Скоро перед ним уже шумел знакомый лес, где на редких среди хвойных лиственных деревьях пятнами ярко зеленели полураспустившиеся листки рядом с остатками беловатого пуха почек.
«Ехать ли дальше? Заметят, позовут к себе — изволь со стариками беседовать».
В силу такого размышления князь свернул с дороги и поскакал полями. В задумчивости он не смотрел, куда несет его конь. Поэтому он немало удивился, когда, подняв голову, увидел перед собой изгородь сада Шестуновых. Большая собака, пробравшаяся из сада через нору под забором, с громким лаем стала кидаться на лошадь.
— Дружок! Дружок! Подь сюда, пес неладный! — послышался из-за изгороди молодой женский голос.
Молодой князь встрепенулся. Не она ли, Елена Лукьянична, гуляет в саду?
Подъехав вплотную к забору и привстав на стременах, он заглянул в сад: невдалеке он увидел завернутую в теплую телогрею Аленушку. Она была одна.
— Здравствуй, боярышня! — радостно проговорил он.
Девушка испуганно вскрикнула. Потом узнала князя и покраснела.
— Здравствуй… — тихо ответила она.
— Испугалась?
— Да.
— Ужли я такой страшный?
— Нет, какое же!.. Я так…
— Что ты, будто похудела с той поры, как я тебя видал? Здорова ли?
— Благодарствую. Здорова, слава богу. Как ты здоров?

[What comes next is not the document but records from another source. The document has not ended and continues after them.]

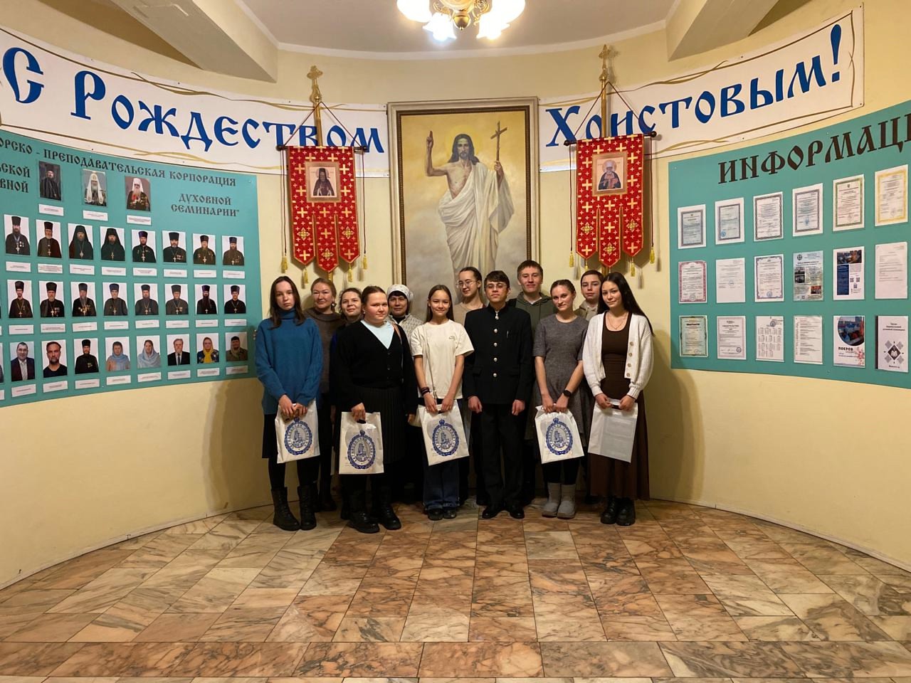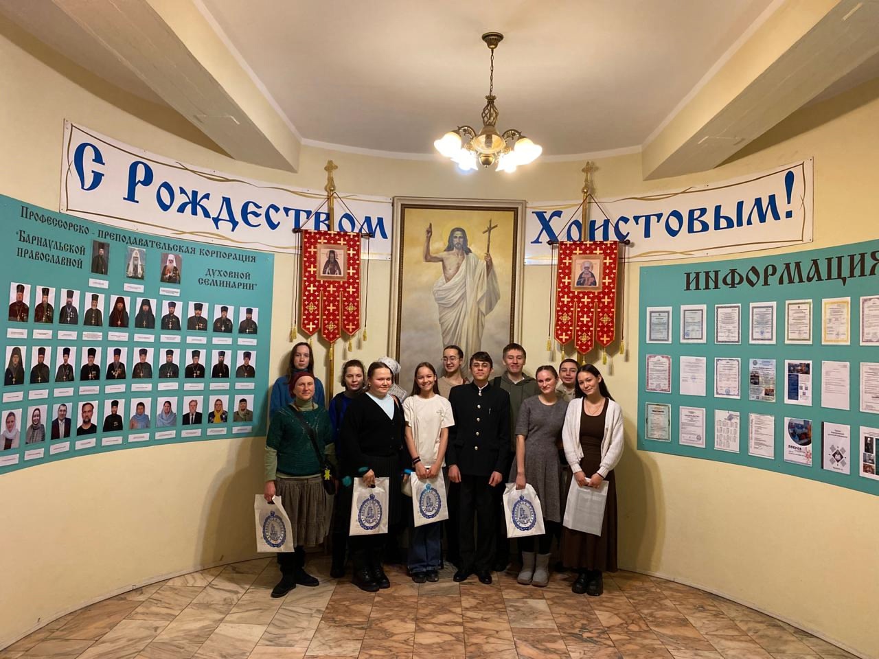9 февраля, в 12.00., Барнаульскую духовную семинарию посетила группа учащихся воскресной школы Никольского храма под руководством завуча школы Бабушкиной Ольги Всеволодовны, а также преподавателя Лангиной Ксении Викторовны — выпускницы Центра подготовки церковных специалистов имени святителя Макария (Невского), митрополита Алтайского. Вместе с учащимися пришли родители.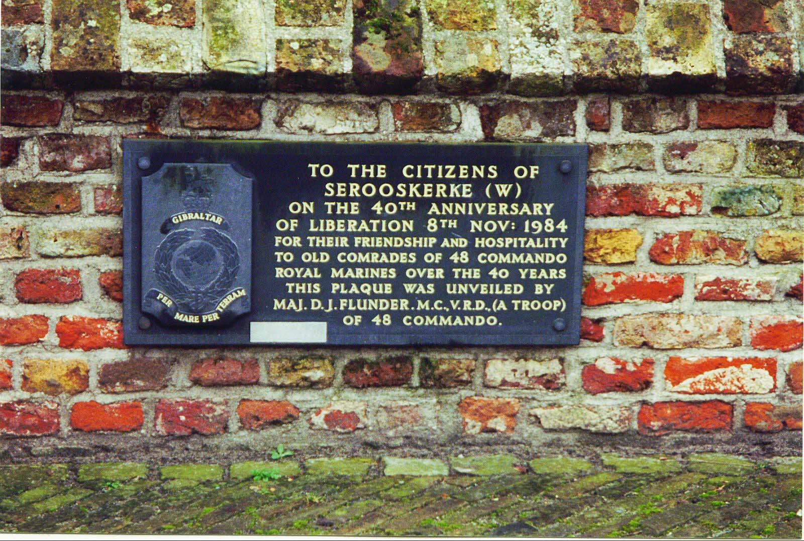 A memorial, located Serooskerke Village, Island of Walcheren, Netherlands, to the ranks of 48 Commando RM and 79 Squadron Royal Engineers who lost their lives when the Landing Vehicles Track were hit by enemy fire. Inscription: ( Led by Jacob van Winkelen, an honorary member of 48 Commando RM Association, the people of Serooskerke raised the money and erected the monument ).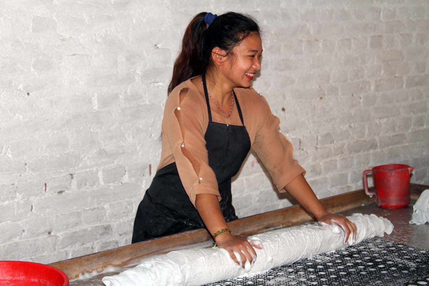The first step to creating these beautiful felt pieces begins with gathering some of the world’s finest sheep’s wool from New Zealand. Making felted wool is an ages-old, time-consuming process of bonding fabric with fiber. This is a physical job where the artisan’s scrub, rub, roll and rinse the wool again and again with soapy water.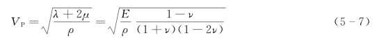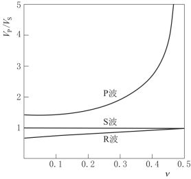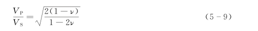 由式(5-9)可见,已知泊松比可确定速度比。反之,在取得岩石的纵波和横波速度之后,便可求得泊松比ν,进而还可能求出杨氏模量E、体变模量K及剪切模量μ。这些相当有用的弹性参数是分辨岩性和岩体各向异性的基本参数,所以说纵横波联合勘探是岩性地震勘探的基础。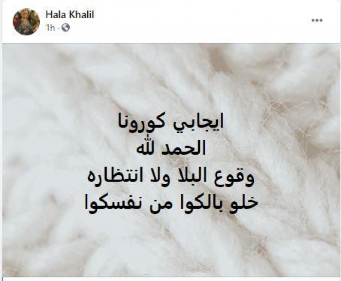 وكتبت "هالة" عبر حسابها الشخصي بموقع "فيسبوك": "إيجابي كورونا.. الحمد لله.. وقوع البلا ولا انتظاره.. خلوا بالكوا من نفسكوا".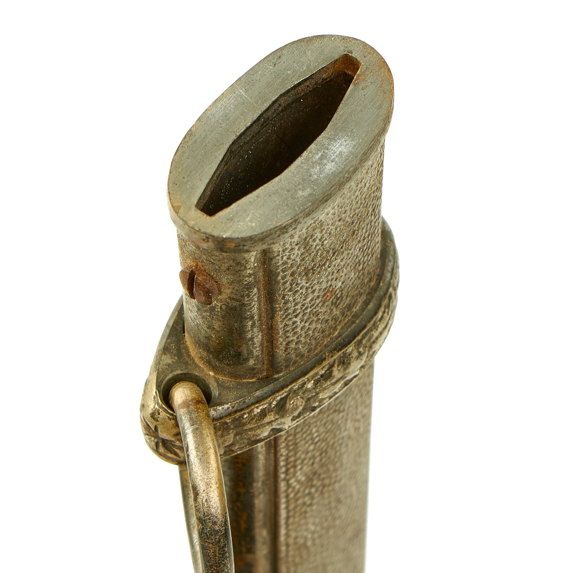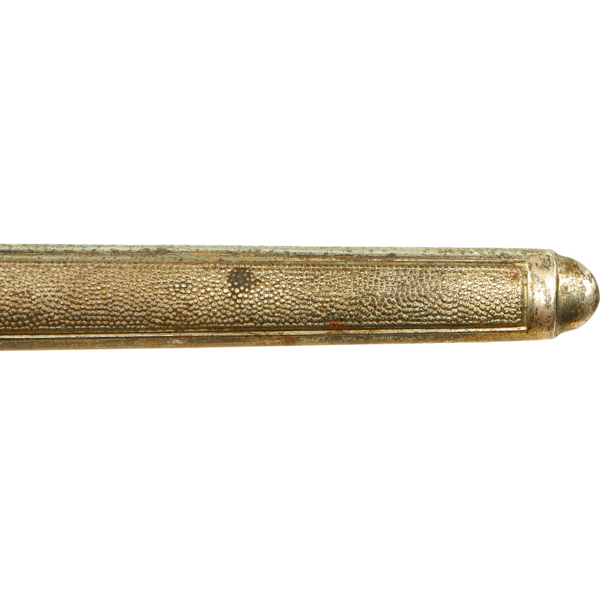 The scabbard is a fine example, and is nickel plated steel. This straight scabbard has very crisp, finely grained panels. The carrying bands have an excellent pattern of overlapping oak leaves and acorns, which are nicely enhanced, though they do show wear removing some of the design. The throat is the thinner style, retained by "cheese head" screws on the thinner sides of the scabbard. The scabbard has a lovely patinated look, with some oxidation where the plating is missing.
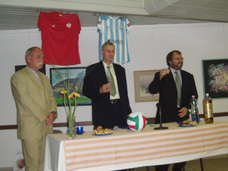 The professional forum was followed by a friendly meeting. On the toast, from the left to the right: Béla Hóbor, FIVB referee, András Szombathy, the main organizer and József Ignáth, the main sponsor of the tournament.
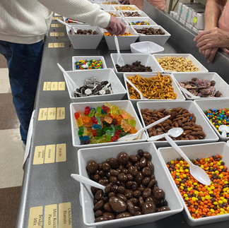 After being given our numbers and hair nets, we entered the production area and stopped at the first of three stations where we could make our own treats to take home! The first stop was apples Now, I love apples anyway, but being given three different options of melted sweet goodness to dip them in was just the best way to start a Friday evening. After choosing your dip, you can head over to add any the toppings of your choice. I went with caramel dip and toasted coconut topping. I could have added more, but chose to go all out with the candy bar instead! This was my favorite part. There was a table filled with bowls of toasted coconut, coffee, almonds, pecans, peanuts, candy pieces, walnuts and toffee chips to add to your milk or dark chocolate bar. You mix it up, press it into a mold and send it through the chiller and when you’re done you have your very own custom candy bar. Mine was sooo good! The coffee really gave it some added depth - be sure to try it when you go next year! After our custom candy bar, we filed chocolate dipped waffle cones with dried fruit, nuts and candies. Our treat cones were the final stop in the production room and a fun treat to make and snack on later! After our treats were made, we walked the production facility and the store itself sampling chocolates until we just couldn’t eat any morel The gracious staff at Coblentz had hot coffee and bottles of water ready to us so we could cleanse our palates at each tasting stations. These tasting stations were set up everywhere. Table upon table filled with all your favorite chocolates, spiced nuts, flavored popcorn, mints, caramels and fudge. The whole experience was truly a treat for the senses. In addition to tasting and smelling amazing, Coblentz chocolates are visually appealing as well. Smooth chocolates, walls of gummy treats an jelly beans and gift sets in the shape of a baseball, golf bag or even a tool set is just so impressive. We walked away with a fairly large bag goodies; not only the treats we made, but plenty of extras to take home for our families & friends! I’m so looking forward to going back next year! And one of the best parts is that you can order your favorite treats online; Coblentz ships anywhere in the US so visit www.coblentzchocolates.com or stop by the store and pick up some amazing chocolates! Coblentz Chocolates is supplying all the chocolates for this year’s Best of Ohio’s Amish Country Chocolate Tour so be sure to get your tickets right away!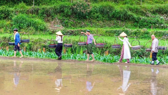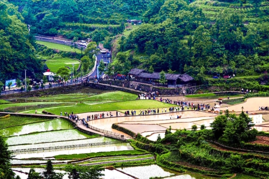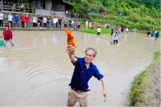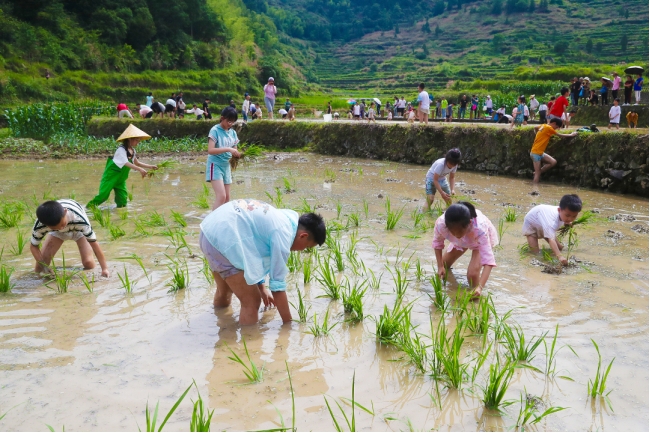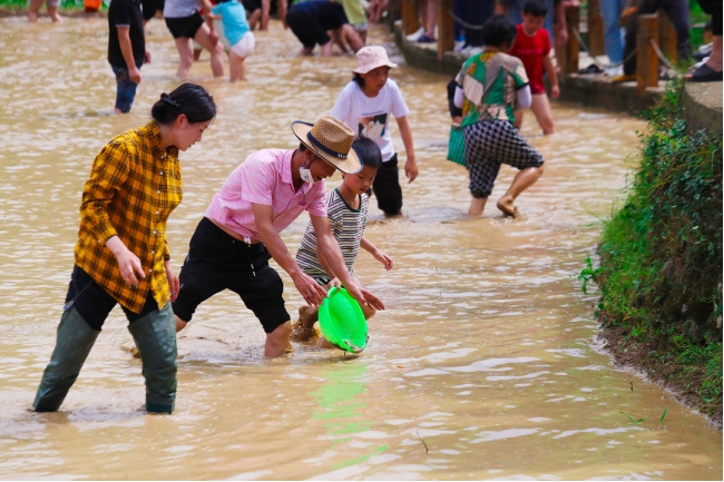 Visitors enjoy themselves during a plough festival held on terraced fields in Ming'ao Village, Yongjia County of Wenzhou, east China's Zhejiang Province. A plough festival was held recently on terraced fields in Ming'ao Village, attracting many visitors across the country. Under the Green Rural Revival Program launched in Zhejiang, local rural tourism has thrived. (Xinhuanet/Hu Jinbiao)
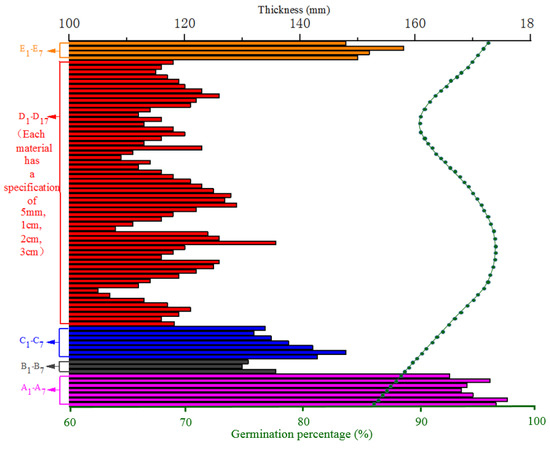 Combined with the influence of improved materials, we also determined those improved materials that had a greater impact on the thickness of the mud skin. The influence of plants and building improvement materials on the skid resistance of the mud skin could be explained as a quadratic function and the peak of the function corresponding to the amounts of the improved materials (40, 50, and 60 g). The influence of binder and cellulose on the skid resistance of the mud skin was linear, and we used 100 g of the improved material as the dosage, as shown in Figure 10. The thickness of the mud skin without modified material was 21 mm and with adhesive was 176 mm, indicating an increase of 738%. The thickness of the mud skin after the addition of cellulose was 158 mm, indicating an increase of 652%. The thickness of the mud crust after the addition of minerals was 135.8 mm, indicating an increase of 547%, and that after the addition of plants was 119 mm, indicating an increase of 467%. Additionally, the mud-skin thickness after the addition of building improvement materials was 148 mm, indicating an increase of 605%. The thicker the mud skin, the stronger the skid resistance; the increase in the skid resistance of the mud skin was significant after the addition of adhesives, cellulose, building improvement materials, minerals, and plants. Among all the improved materials tested, the No. 6 adhesive had the greatest effect on increasing the skid resistance of the mud skin, with the thickness of the mud skin being 176 mm, indicating an increase of 652%. The three-centimetre wormwood straw increased the mud-skin thickness to 26.3 mm, indicating an increase of 24%, and the seed germination rate was 85–95%.

— Мне что! Здоров… Только вот тоскуется все.
— Тоскуется? С чего же это кручина напала? — спросила Аленушка, успевшая оправиться понемногу от своего смущения.
Она теперь испытывала только легкое приятное волнение.
— Сказал бы, да боязно.
— Чего?
— Ты осерчаешь.
— Вот на! С чего же мне серчать?
— Ну ин ладно! Была не была, скажу! Злая тоска меня гложет с той поры, как тебя увидал я. Покой забыл… Все мерещутся мне и манят-зовут очи твои светлые…
Вспыхнула боярышня до того, что слезы на глазах выступили.
— Полно… Зачем смеешься? — пробормотала она и вдруг круто повернулась. — Прощай, княже!
— Боярышня! Постой! Повремени малость!
Но Аленушка почти бегом направлялась из сада.
— Ведь сказывал я, что осерчаешь! — с горечью проговорил Алексей.
Девушка сразу остановилась как вкопанная.
— Нет, не осерчала я, — воскликнула она, — а только… только самой мне так же тоскуется!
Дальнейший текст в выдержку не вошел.